The Medicare Provider Enrollment, Chain, and Ownership System (PECOS) is the online Medicare enrollment management system. It allows individuals and entities to enroll as Medicare providers or suppliers. When a provider or supplier enrolls in Medicare, it must provide a series of addresses, including a correspondence address, medical review address, and payment address. Whether a provider enrolls online or uses a paper application, once the provider is enrolled, these addresses are stored in PECOS. In PECOS, a provider can check and edit their listed addresses. When CMS or a contractor needs to mail correspondence to the provider, they will look to PECOS for the address to use. As there are multiple address types listed in PECOS, which may list different addresses, the address selected may relate to the purpose of the correspondence, or a contractor may simply choose an address seemingly at random.

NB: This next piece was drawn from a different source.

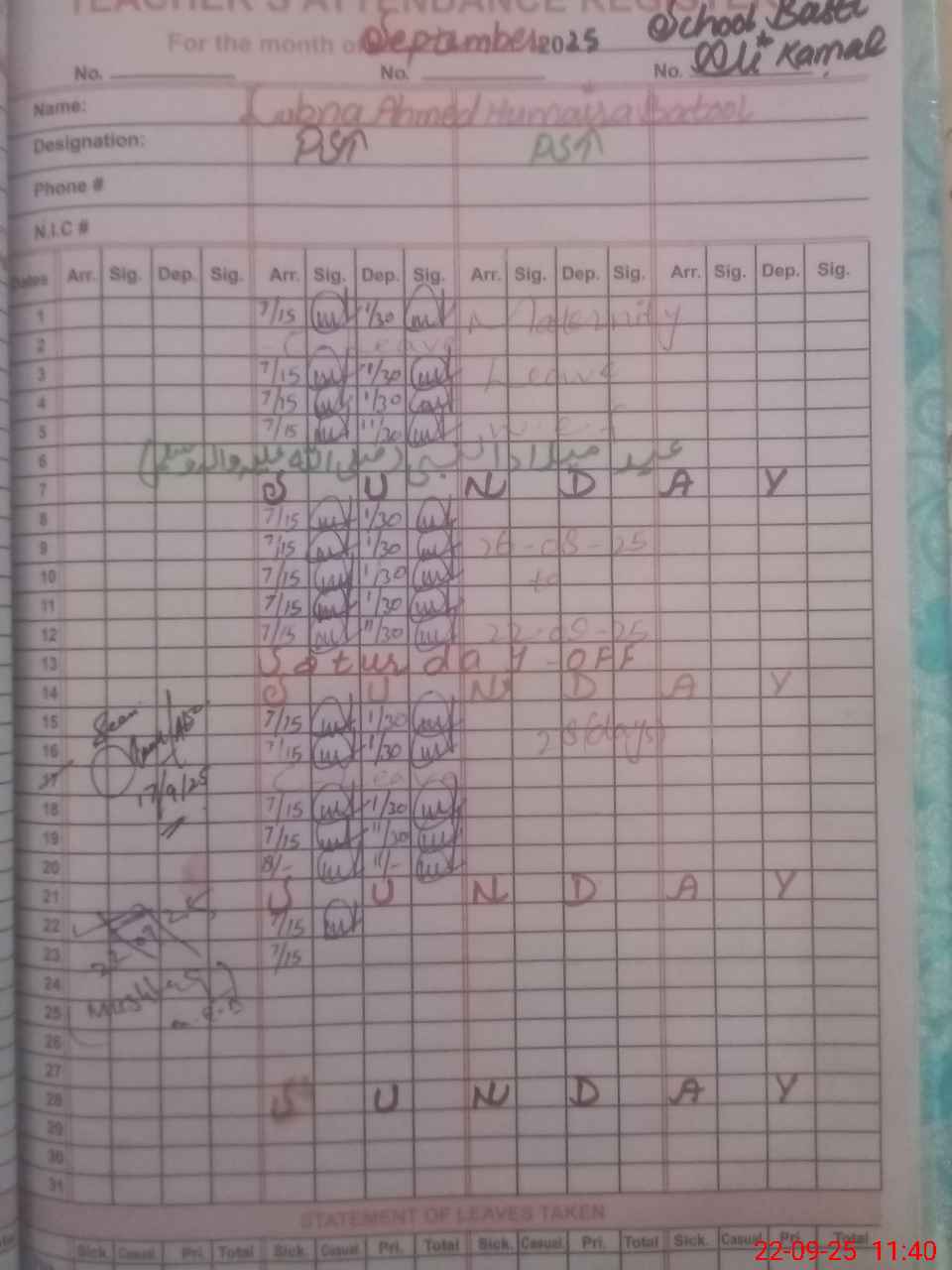 | Name: AB**** SH**** Designation: (School Headmaster's/Headmistress's) PST Phone/Cell Number: 03**** |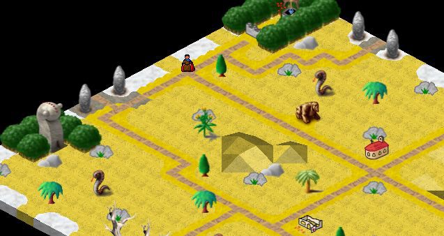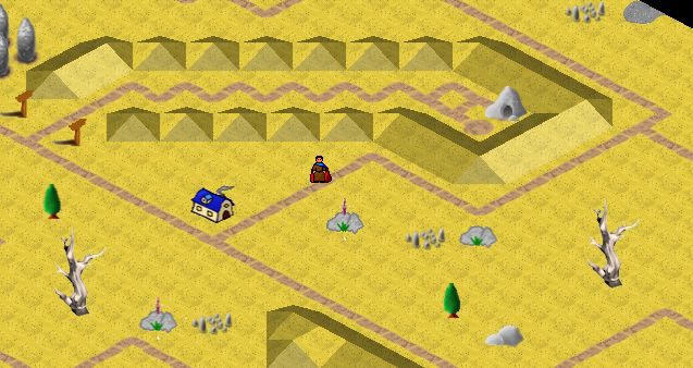 Concass #5 | Trou devant pyramide rempli grâce à la pelle de Carilane. Il faut ramener à l'enfant-roi un parchemin volé par un Mange-Pierre (ici). | |

Items that may be sent to a provider’s address or addresses listed in PECOS may be Additional Documentation Requests (ADRs), notices of audits, notices of audit findings with appeal rights, and notices of disciplinary proceedings such as Medicare suspensions, revocations, and exclusions. A provider that does not receive one of these because of an incorrect address listed in PECOS may inadvertently fail to provide records, miss an appeal deadline, or otherwise miss the chance to address some action that Medicare takes against them. In general, where correspondence is sent to the address in PECOS, Medicare will assume that it was received and shift the responsibility to the provider to keep PECOS updated. Not receiving such mail can have devastating consequences for the provider and make subsequent appeal or remedials actions much more difficult.